*** Begin section ***
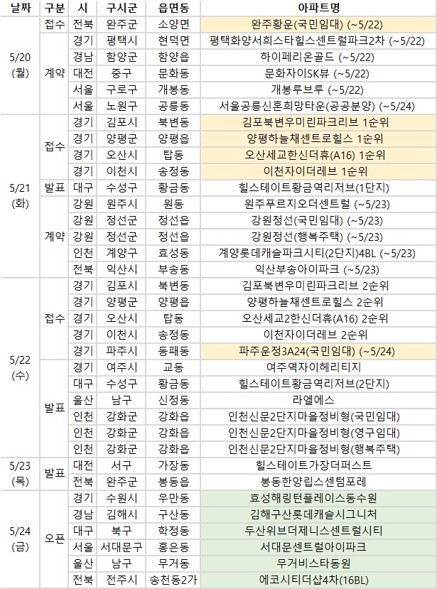 17일 부동산R114에 따르면 5월 넷째 주에는 전국 6개 단지, 총 4104가구(일반분양 2,510가구)가 분양을 시작한다.
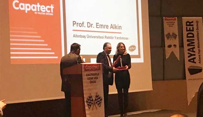 “Yalıtım Buluşması” programın sonunda AYEDAR tarafından katkı ve katılımlarından dolayı Altınbaş Üniversitesi Rektör Yardımcısı Prof. Dr. Emre Alkin ile Filli Boya Yalıtım Pazarlama Müdürü Işıl Aksoy’a plaket verildi.
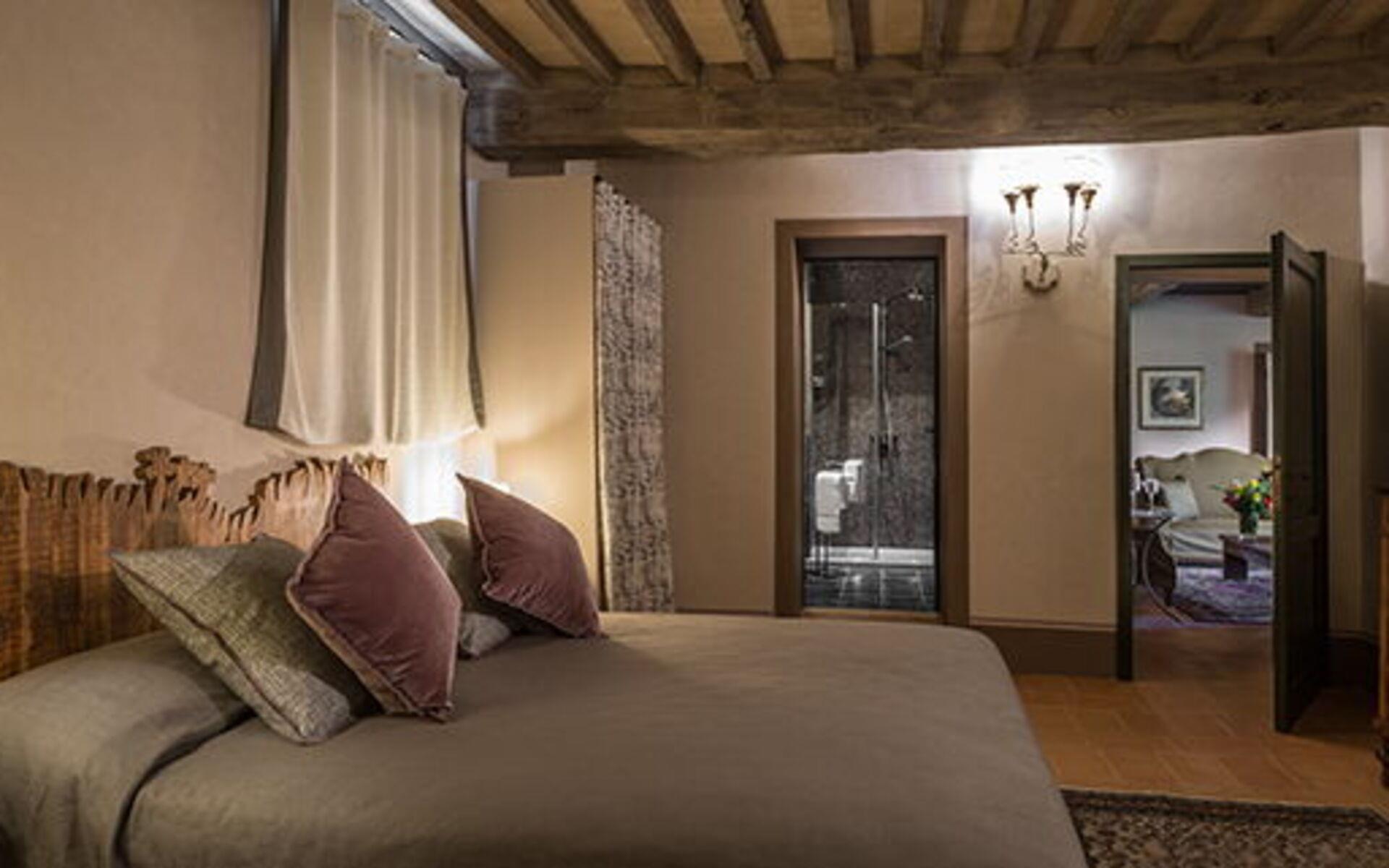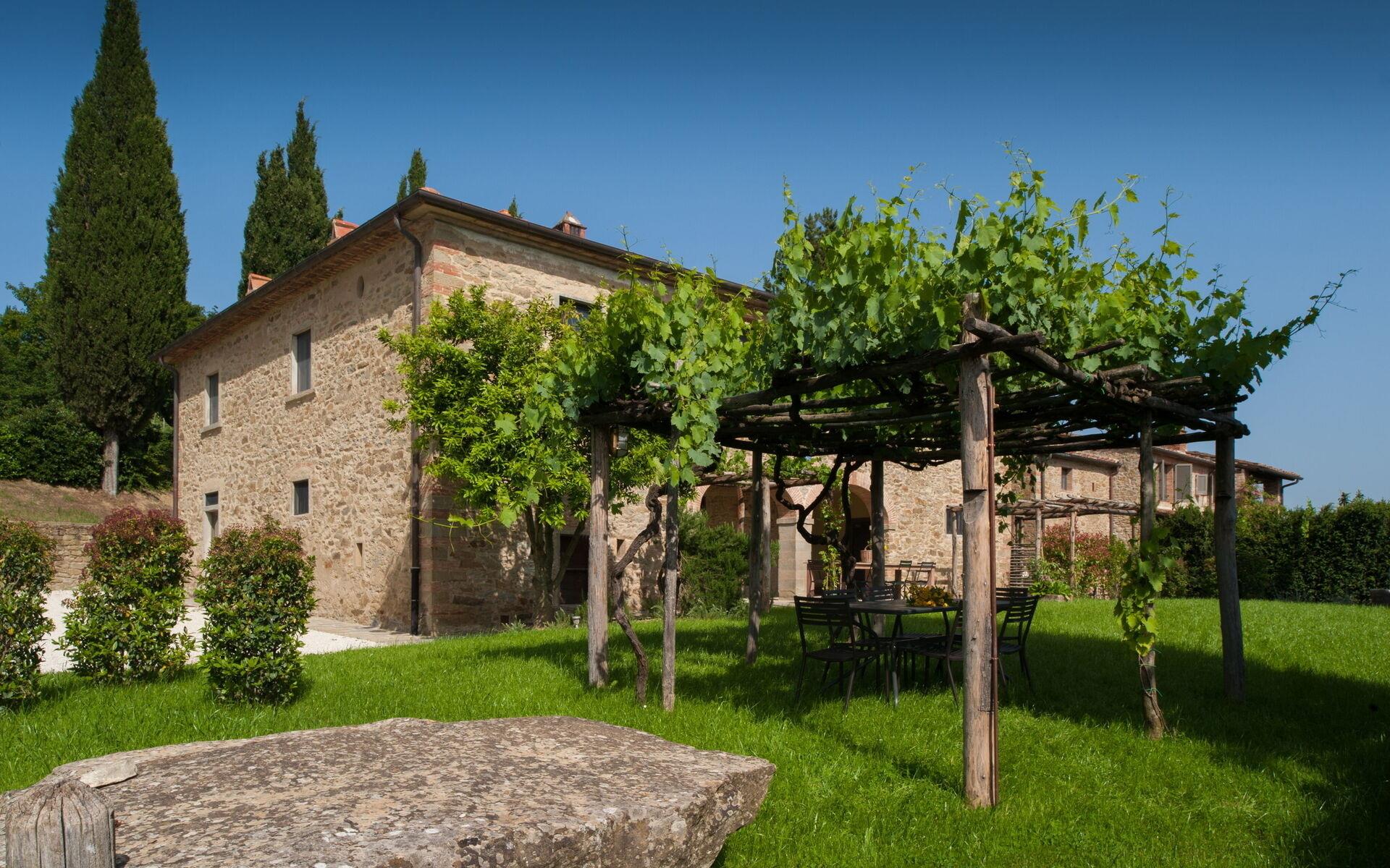 Nicht weit von Arezzo entfernt, in einer dominanten Position auf dem Tal, inmitten des Grüns der toskanischen Hügel, ist Villa Arruns der ideale Ort, um einen erholsamen Urlaub zu verbringen. Die Villa befindet sich neben dem Weingut des gleichen Anwesens und genießt ein eingezäuntes Gebiet von 17 Hektar, wo wir den Weinberg, den Keller und den Verkostungsraum finden.
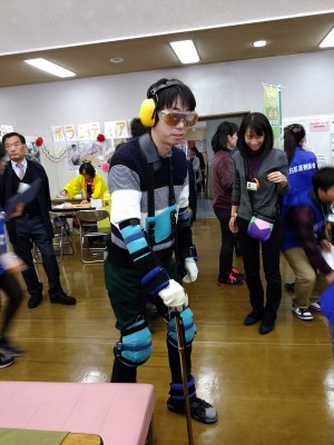 私も高齢者疑似体験をさせて頂きました。手足が動かしにくく、情報量も少なくなりとても心細く感じました。
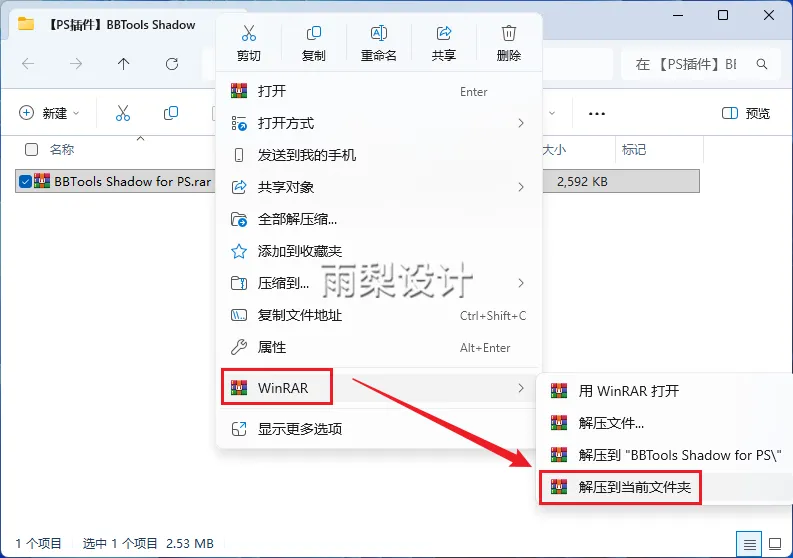 1.右键下载的插件压缩包,并【解压到当前文件夹】
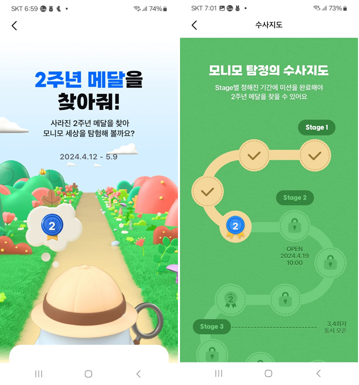 2주년 메달을 찾아줘 이벤트이다. 탐정도 나오고 수사지도도 나와서 어렵게 생각했는데 쉽게 1단계를 통과 했다. ㅋㅋ
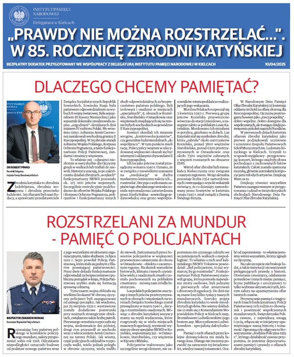 12/04/2025„Prawdy nie można rozstrzelać…”. W 85. rocznicę Zbrodni katyńskiej – dodatek prasowy [PDF] Artykuł dra Krzysztofa Łagojdy
*** End section ***
• **DESCRIPTION OF THE TASK**: Omit the pictures. Repeat the rest of the data exactly.

• **PROBLEM SOLUTION**:
 17일 부동산R114에 따르면 5월 넷째 주에는 전국 6개 단지, 총 4104가구(일반분양 2,510가구)가 분양을 시작한다.
 “Yalıtım Buluşması” programın sonunda AYEDAR tarafından katkı ve katılımlarından dolayı Altınbaş Üniversitesi Rektör Yardımcısı Prof. Dr. Emre Alkin ile Filli Boya Yalıtım Pazarlama Müdürü Işıl Aksoy’a plaket verildi.
 Nicht weit von Arezzo entfernt, in einer dominanten Position auf dem Tal, inmitten des Grüns der toskanischen Hügel, ist Villa Arruns der ideale Ort, um einen erholsamen Urlaub zu verbringen. Die Villa befindet sich neben dem Weingut des gleichen Anwesens und genießt ein eingezäuntes Gebiet von 17 Hektar, wo wir den Weinberg, den Keller und den Verkostungsraum finden.
 私も高齢者疑似体験をさせて頂きました。手足が動かしにくく、情報量も少なくなりとても心細く感じました。
 1.右键下载的插件压缩包,并【解压到当前文件夹】
 2주년 메달을 찾아줘 이벤트이다. 탐정도 나오고 수사지도도 나와서 어렵게 생각했는데 쉽게 1단계를 통과 했다. ㅋㅋ
 12/04/2025„Prawdy nie można rozstrzelać…”. W 85. rocznicę Zbrodni katyńskiej – dodatek prasowy [PDF] Artykuł dra Krzysztofa Łagojdy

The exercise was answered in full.